The task: Produce word for word the lines of the data below running from the one that has "Pure Brass Real" to the one that has "If you’re unhappy", inclusive, and no others.

Raw data:
┄┄┄┄┄┄┄┄┄┄┄┄┄┄┄┄┄┄┄┄

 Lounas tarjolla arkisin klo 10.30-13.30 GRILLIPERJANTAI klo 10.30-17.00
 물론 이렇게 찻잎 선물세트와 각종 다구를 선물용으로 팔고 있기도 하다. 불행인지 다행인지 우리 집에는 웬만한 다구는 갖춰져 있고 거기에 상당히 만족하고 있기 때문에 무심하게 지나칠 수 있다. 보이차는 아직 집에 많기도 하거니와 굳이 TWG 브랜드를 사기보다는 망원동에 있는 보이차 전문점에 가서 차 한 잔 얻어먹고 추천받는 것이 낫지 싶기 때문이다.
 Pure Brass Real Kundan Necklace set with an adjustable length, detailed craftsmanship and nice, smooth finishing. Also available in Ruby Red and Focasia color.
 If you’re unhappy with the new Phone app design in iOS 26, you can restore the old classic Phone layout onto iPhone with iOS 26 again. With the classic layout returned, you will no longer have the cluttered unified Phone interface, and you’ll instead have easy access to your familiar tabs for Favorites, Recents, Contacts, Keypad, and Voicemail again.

┄┄┄┄┄┄┄┄┄┄┄┄┄┄┄┄┄┄┄┄

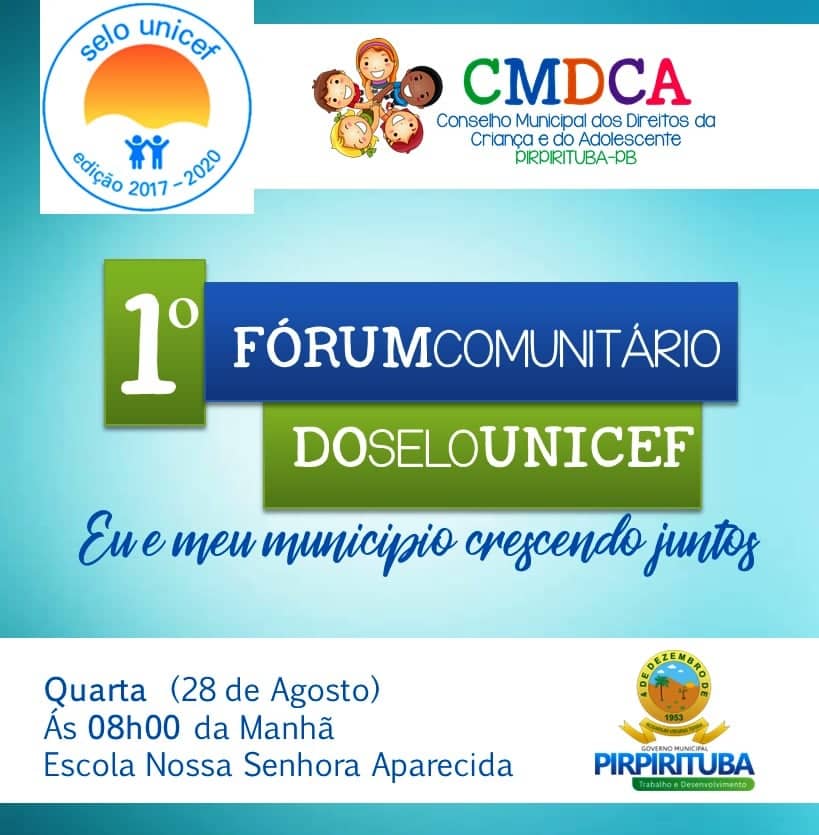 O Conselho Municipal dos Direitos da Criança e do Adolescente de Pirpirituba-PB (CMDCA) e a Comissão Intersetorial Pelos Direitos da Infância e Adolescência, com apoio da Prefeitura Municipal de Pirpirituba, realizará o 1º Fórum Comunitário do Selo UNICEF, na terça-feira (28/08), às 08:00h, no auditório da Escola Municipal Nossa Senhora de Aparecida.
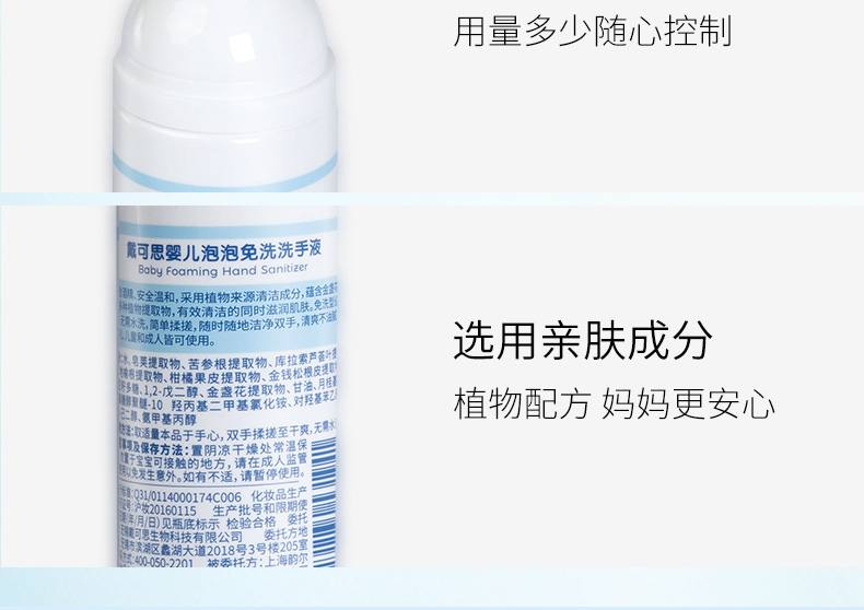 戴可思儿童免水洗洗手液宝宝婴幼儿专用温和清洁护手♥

┄┄┄┄┄┄┄┄┄┄┄┄┄┄┄┄┄┄┄┄

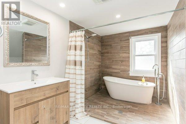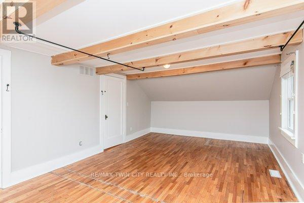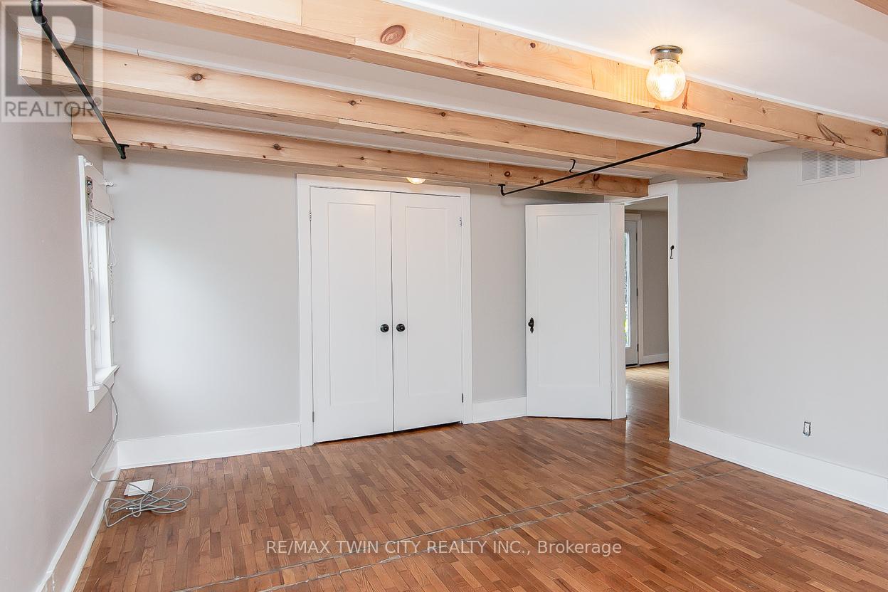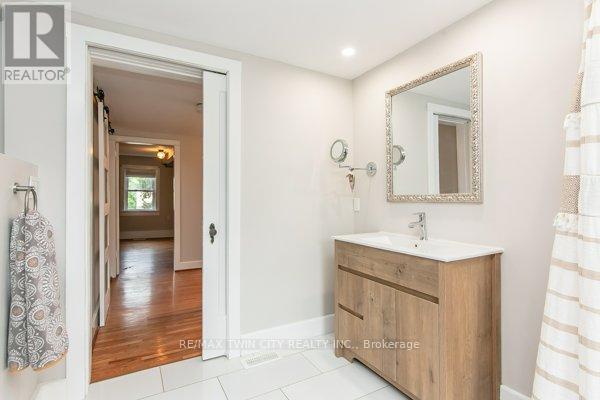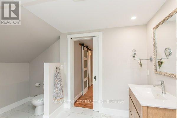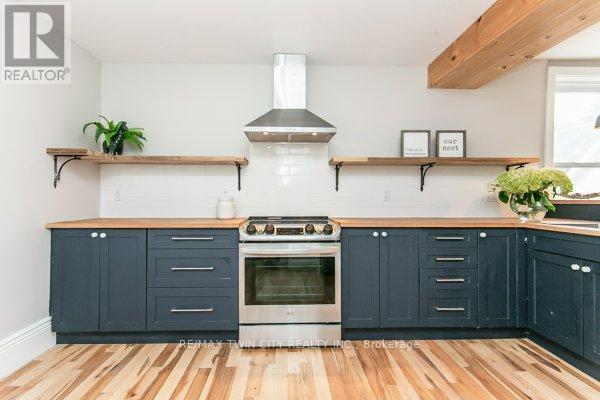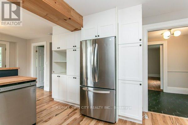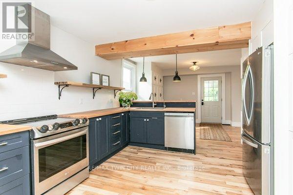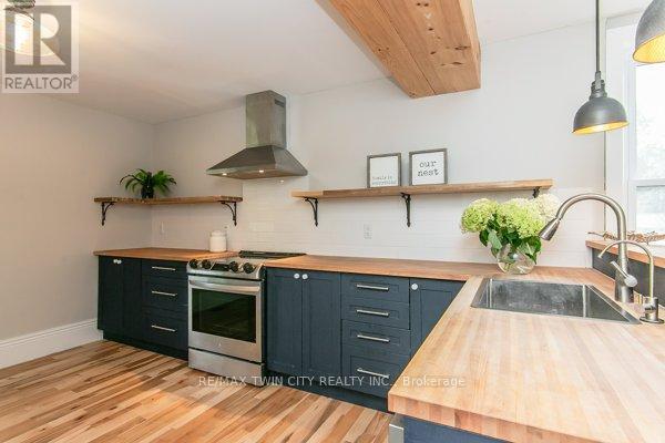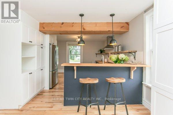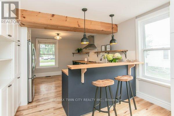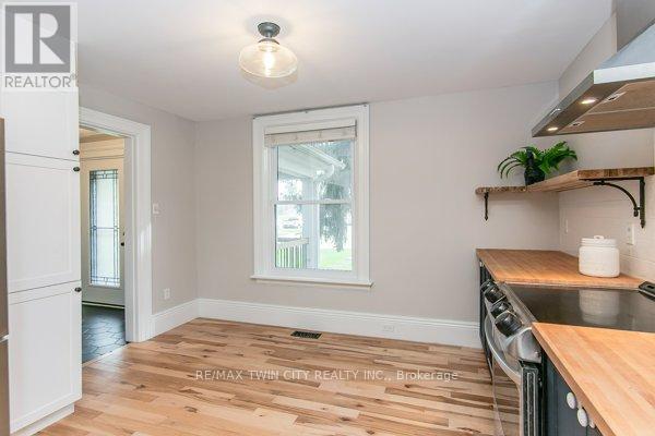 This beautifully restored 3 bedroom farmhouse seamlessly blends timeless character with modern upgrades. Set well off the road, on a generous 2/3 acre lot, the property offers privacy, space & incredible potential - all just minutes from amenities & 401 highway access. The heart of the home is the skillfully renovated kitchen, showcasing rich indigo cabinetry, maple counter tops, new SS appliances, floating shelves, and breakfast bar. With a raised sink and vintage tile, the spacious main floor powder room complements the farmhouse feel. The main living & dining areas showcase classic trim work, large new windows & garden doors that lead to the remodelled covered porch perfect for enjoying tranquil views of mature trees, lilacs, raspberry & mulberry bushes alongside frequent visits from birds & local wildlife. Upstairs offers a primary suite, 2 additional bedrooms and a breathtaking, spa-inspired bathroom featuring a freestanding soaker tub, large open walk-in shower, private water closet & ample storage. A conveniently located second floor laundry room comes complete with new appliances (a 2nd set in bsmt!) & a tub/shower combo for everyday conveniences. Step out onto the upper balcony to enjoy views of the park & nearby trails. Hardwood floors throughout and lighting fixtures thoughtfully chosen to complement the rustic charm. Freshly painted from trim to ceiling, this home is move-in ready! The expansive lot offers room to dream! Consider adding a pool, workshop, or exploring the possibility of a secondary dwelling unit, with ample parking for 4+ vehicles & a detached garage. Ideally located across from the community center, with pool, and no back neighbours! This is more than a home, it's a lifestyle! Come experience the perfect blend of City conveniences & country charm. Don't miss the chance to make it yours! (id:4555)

┄┄┄┄┄┄┄┄┄┄┄┄┄┄┄┄┄┄┄┄

Your response:
 Pure Brass Real Kundan Necklace set with an adjustable length, detailed craftsmanship and nice, smooth finishing. Also available in Ruby Red and Focasia color.
 If you’re unhappy with the new Phone app design in iOS 26, you can restore the old classic Phone layout onto iPhone with iOS 26 again. With the classic layout returned, you will no longer have the cluttered unified Phone interface, and you’ll instead have easy access to your familiar tabs for Favorites, Recents, Contacts, Keypad, and Voicemail again.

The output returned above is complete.